• _Dataset content_:
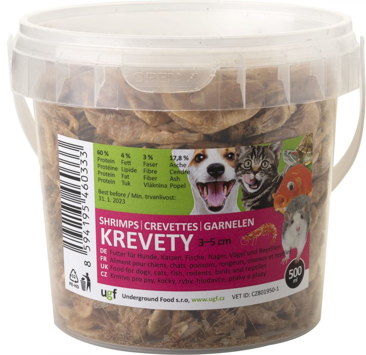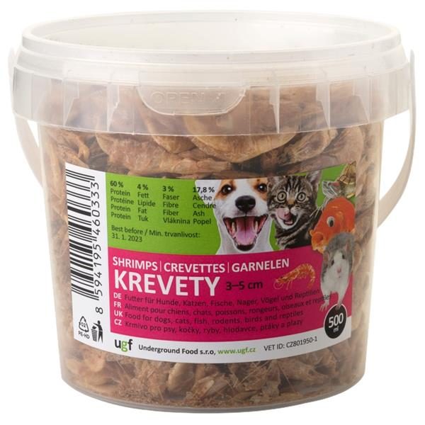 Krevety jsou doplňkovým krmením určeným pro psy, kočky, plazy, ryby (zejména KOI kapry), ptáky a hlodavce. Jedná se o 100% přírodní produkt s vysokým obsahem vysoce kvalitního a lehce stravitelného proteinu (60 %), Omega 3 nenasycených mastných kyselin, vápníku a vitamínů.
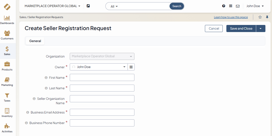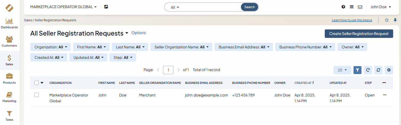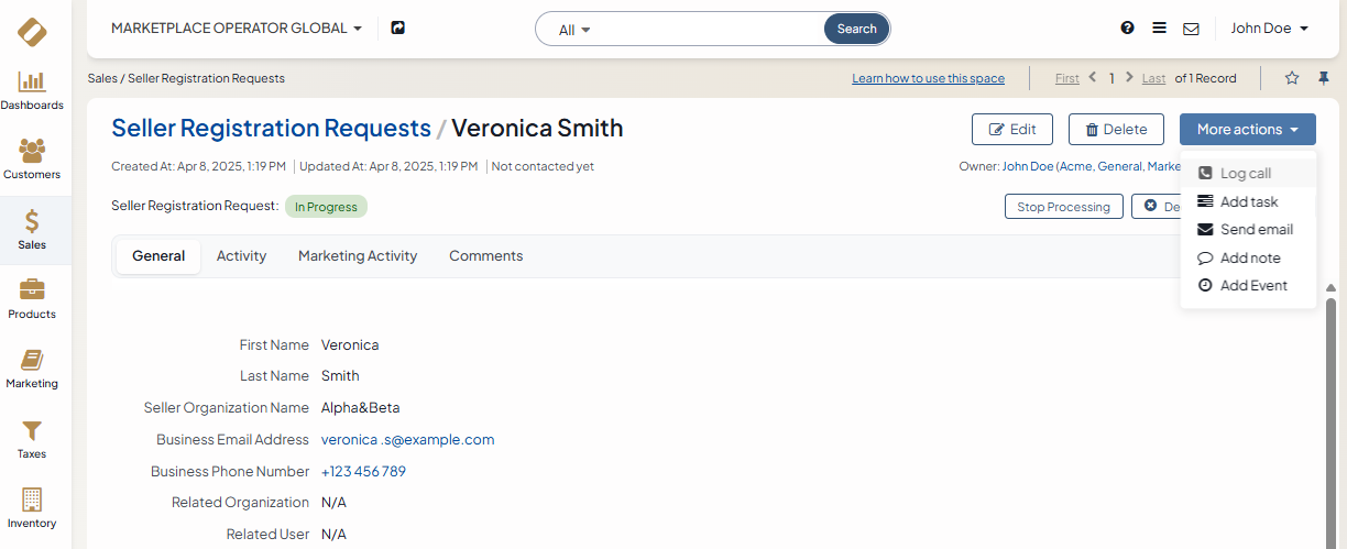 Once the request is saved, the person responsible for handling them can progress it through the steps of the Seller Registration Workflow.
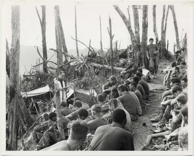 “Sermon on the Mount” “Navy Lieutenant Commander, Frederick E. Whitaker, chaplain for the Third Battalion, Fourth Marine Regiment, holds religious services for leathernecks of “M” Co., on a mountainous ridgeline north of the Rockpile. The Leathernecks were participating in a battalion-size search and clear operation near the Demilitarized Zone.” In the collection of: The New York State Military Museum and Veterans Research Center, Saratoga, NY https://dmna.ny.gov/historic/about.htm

• _Task prompt_:
In the reply, each line of the data must appear exactly as written, and no picture may appear.

• _Written response_:
 Krevety jsou doplňkovým krmením určeným pro psy, kočky, plazy, ryby (zejména KOI kapry), ptáky a hlodavce. Jedná se o 100% přírodní produkt s vysokým obsahem vysoce kvalitního a lehce stravitelného proteinu (60 %), Omega 3 nenasycených mastných kyselin, vápníku a vitamínů.
 Once the request is saved, the person responsible for handling them can progress it through the steps of the Seller Registration Workflow.
 “Sermon on the Mount” “Navy Lieutenant Commander, Frederick E. Whitaker, chaplain for the Third Battalion, Fourth Marine Regiment, holds religious services for leathernecks of “M” Co., on a mountainous ridgeline north of the Rockpile. The Leathernecks were participating in a battalion-size search and clear operation near the Demilitarized Zone.” In the collection of: The New York State Military Museum and Veterans Research Center, Saratoga, NY https://dmna.ny.gov/historic/about.htm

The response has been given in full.